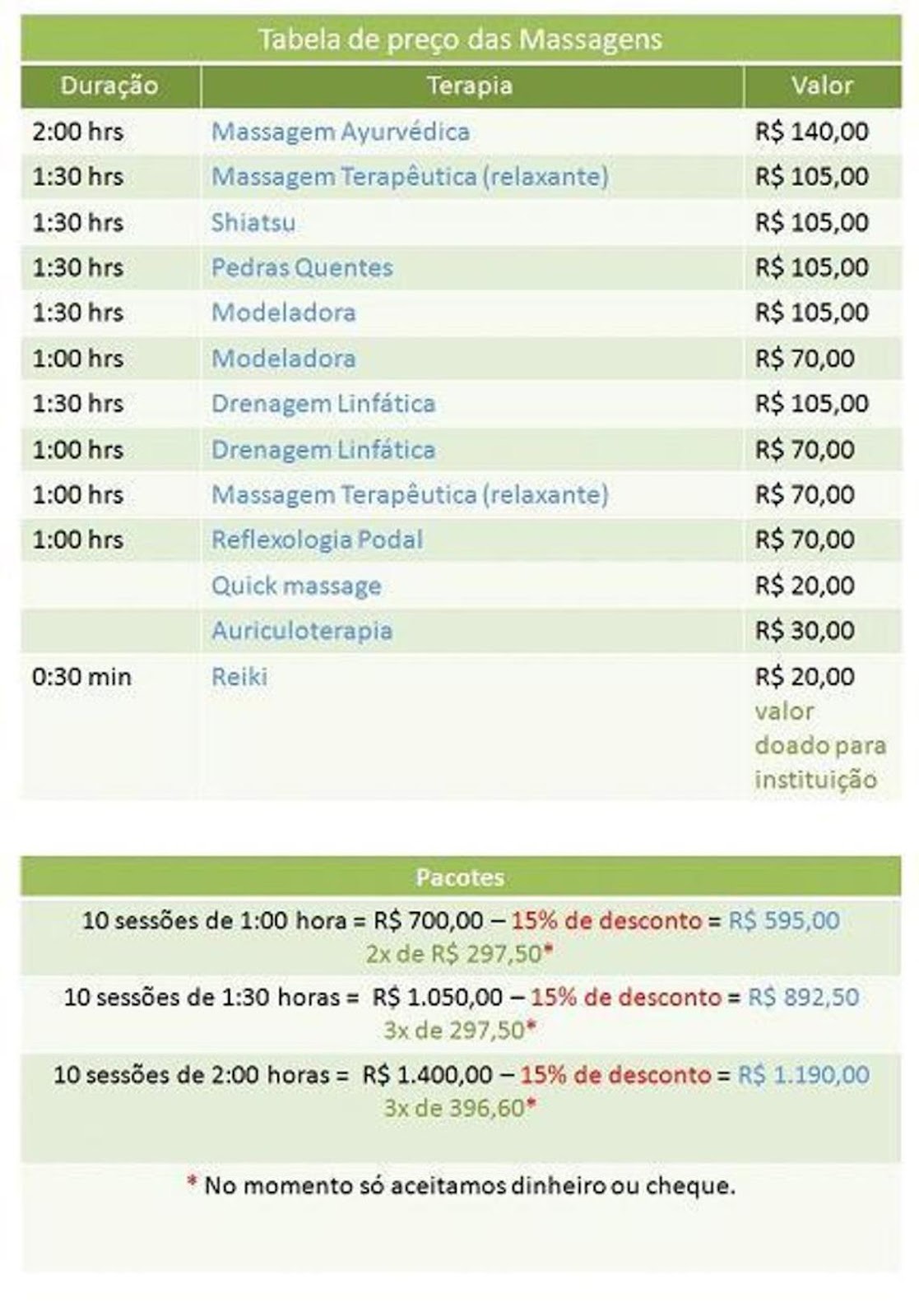 MASSAGEM INDAIATUBA: TABELA DE PREÇO
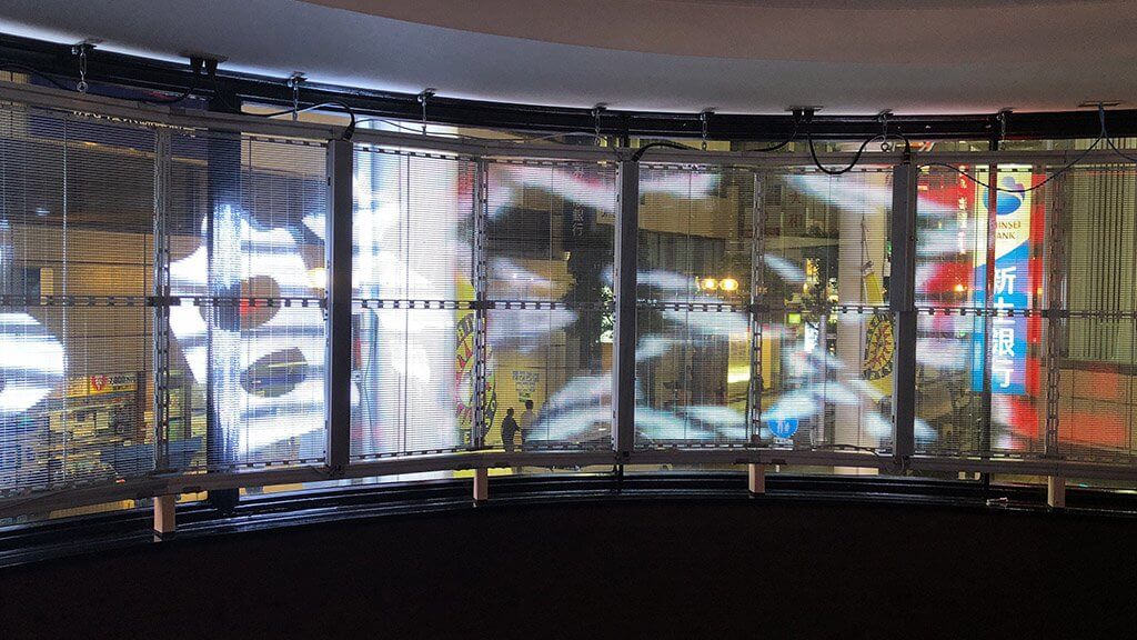 湾曲部分を含む、横16メートル×縦1メートルのシースルービジョンが実現しました。
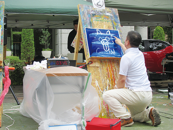 6月9日「ロックの日」に、5分間の即興アートバトル「筆ロック」が、東京・港区の港区立汐留西公園で開催され、馬印(名古屋市、加藤泰稔社長)が商品協力で一役買った。
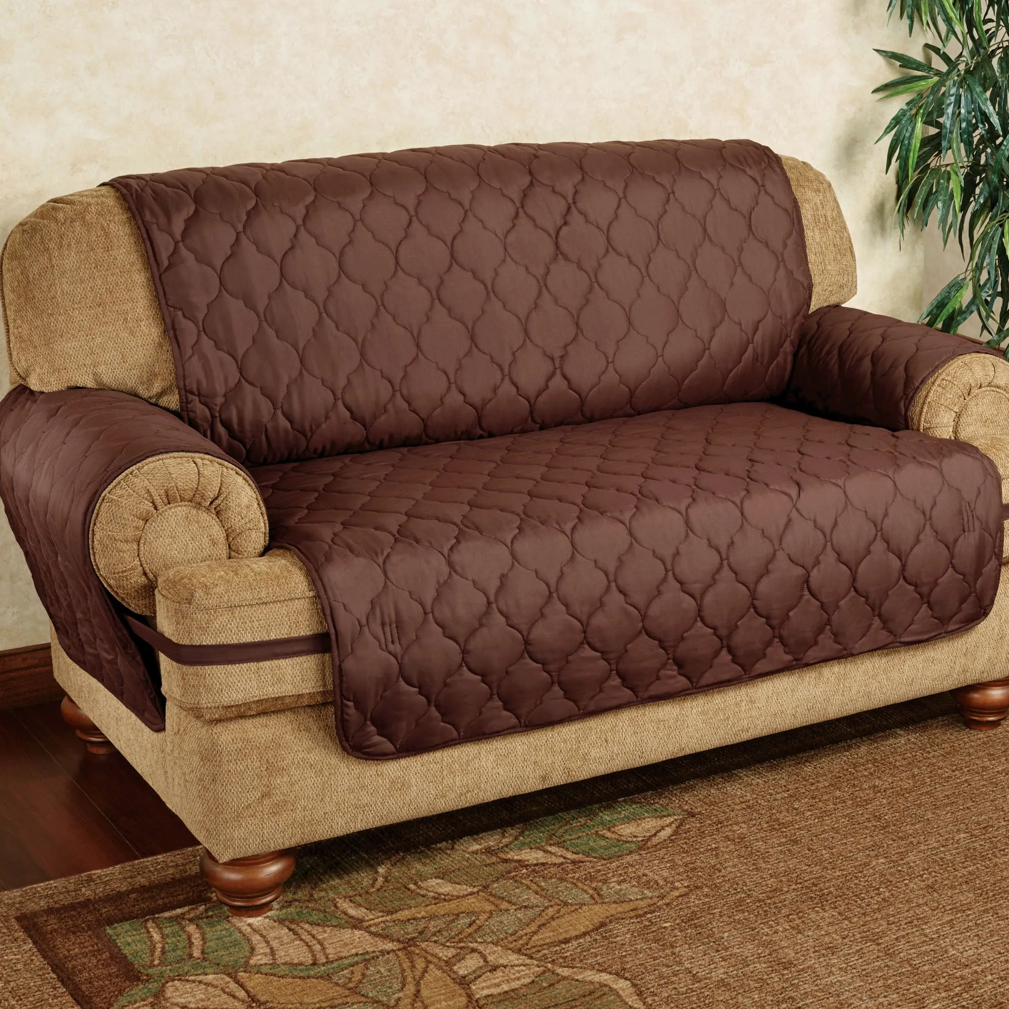 Transport yourself to a beautiful retreat with the Paramount Solid Color Furniture Protectors, while protecting your furnishings from pets, stains, and dirt. Water-repellent, snag-resistant, and soil-resistant microfiber polyester furniture protectors have a quilted ogee pattern and cover more than 90% of your furnishing! Each strap has hidden D-rings on the ends to keep it secure; Recliner/Wing Chair cover does not have straps and D-rings. Cover is easy to use and to install. Specify Recliner/Wing Chair Cover, Loveseat Cover, Sofa Cover, or Extra-Long Sofa Cover. Choose Slate Blue, Burgundy, Chocolate, Harvest Gold, Natural, or Sage. Fill is polyester. Machine washable. Imported.

**Directions for this task:** Please reproduce the whole listing exactly; the pictures stay out.

**Solution to this task:**
 MASSAGEM INDAIATUBA: TABELA DE PREÇO
 湾曲部分を含む、横16メートル×縦1メートルのシースルービジョンが実現しました。
 6月9日「ロックの日」に、5分間の即興アートバトル「筆ロック」が、東京・港区の港区立汐留西公園で開催され、馬印(名古屋市、加藤泰稔社長)が商品協力で一役買った。
 Transport yourself to a beautiful retreat with the Paramount Solid Color Furniture Protectors, while protecting your furnishings from pets, stains, and dirt. Water-repellent, snag-resistant, and soil-resistant microfiber polyester furniture protectors have a quilted ogee pattern and cover more than 90% of your furnishing! Each strap has hidden D-rings on the ends to keep it secure; Recliner/Wing Chair cover does not have straps and D-rings. Cover is easy to use and to install. Specify Recliner/Wing Chair Cover, Loveseat Cover, Sofa Cover, or Extra-Long Sofa Cover. Choose Slate Blue, Burgundy, Chocolate, Harvest Gold, Natural, or Sage. Fill is polyester. Machine washable. Imported.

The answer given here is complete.